─── Source material

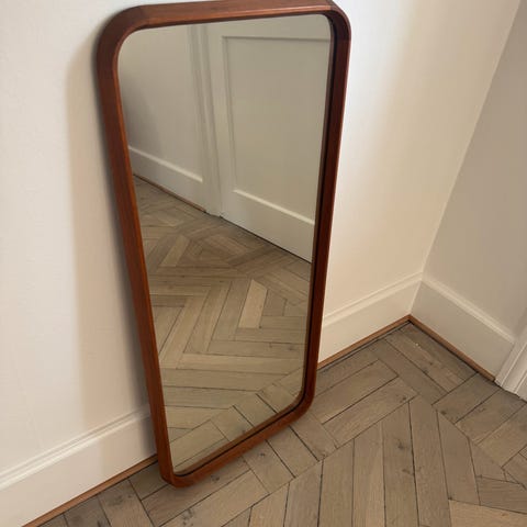 Gammelt smukt teaktræs spejl fra slut 60'erne - start 70'erne.
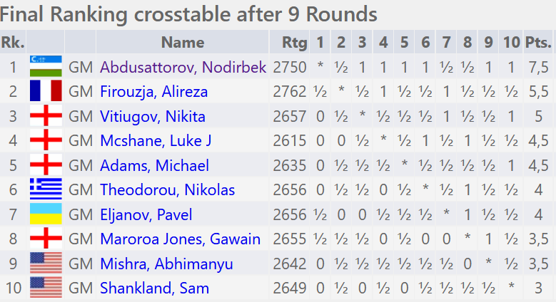 В Лондоне завершился супер-турнир Markets London Chess Classic. В гордом одиночестве уверенную победу в турнир одержал Нодирбек Абдусатторов (Узбекистан, 2750) 7,5 очков из 9. Он на 2 очка опередил А.Фирузджу (Франция, 2762).
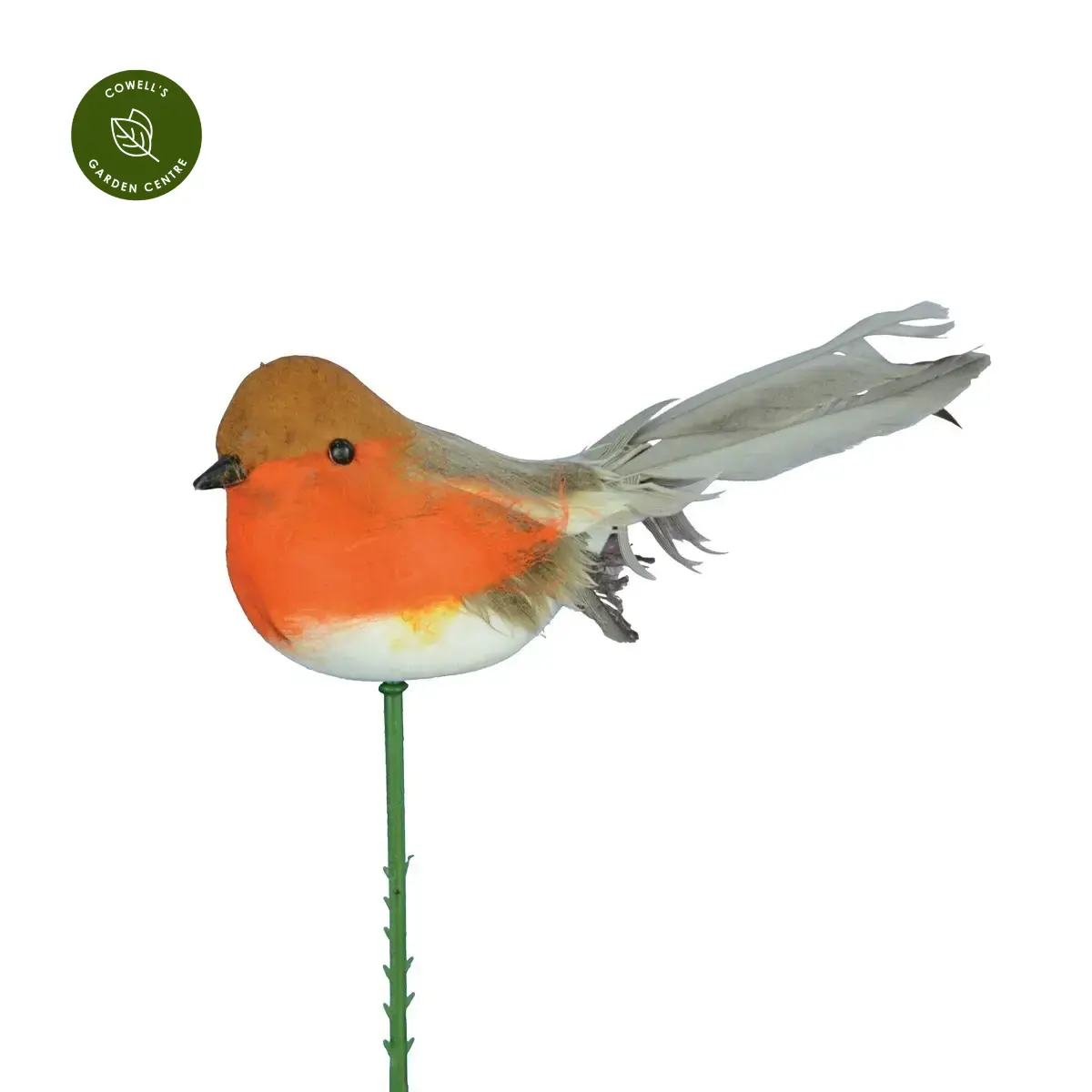Sweet feathery robin decoration on stem, to add into a festive arrangement.

──────

### Task goal
Pictures are to be omitted; otherwise, write out the data exactly as it appears.

### Solution
 Gammelt smukt teaktræs spejl fra slut 60'erne - start 70'erne.
 В Лондоне завершился супер-турнир Markets London Chess Classic. В гордом одиночестве уверенную победу в турнир одержал Нодирбек Абдусатторов (Узбекистан, 2750) 7,5 очков из 9. Он на 2 очка опередил А.Фирузджу (Франция, 2762).
Sweet feathery robin decoration on stem, to add into a festive arrangement.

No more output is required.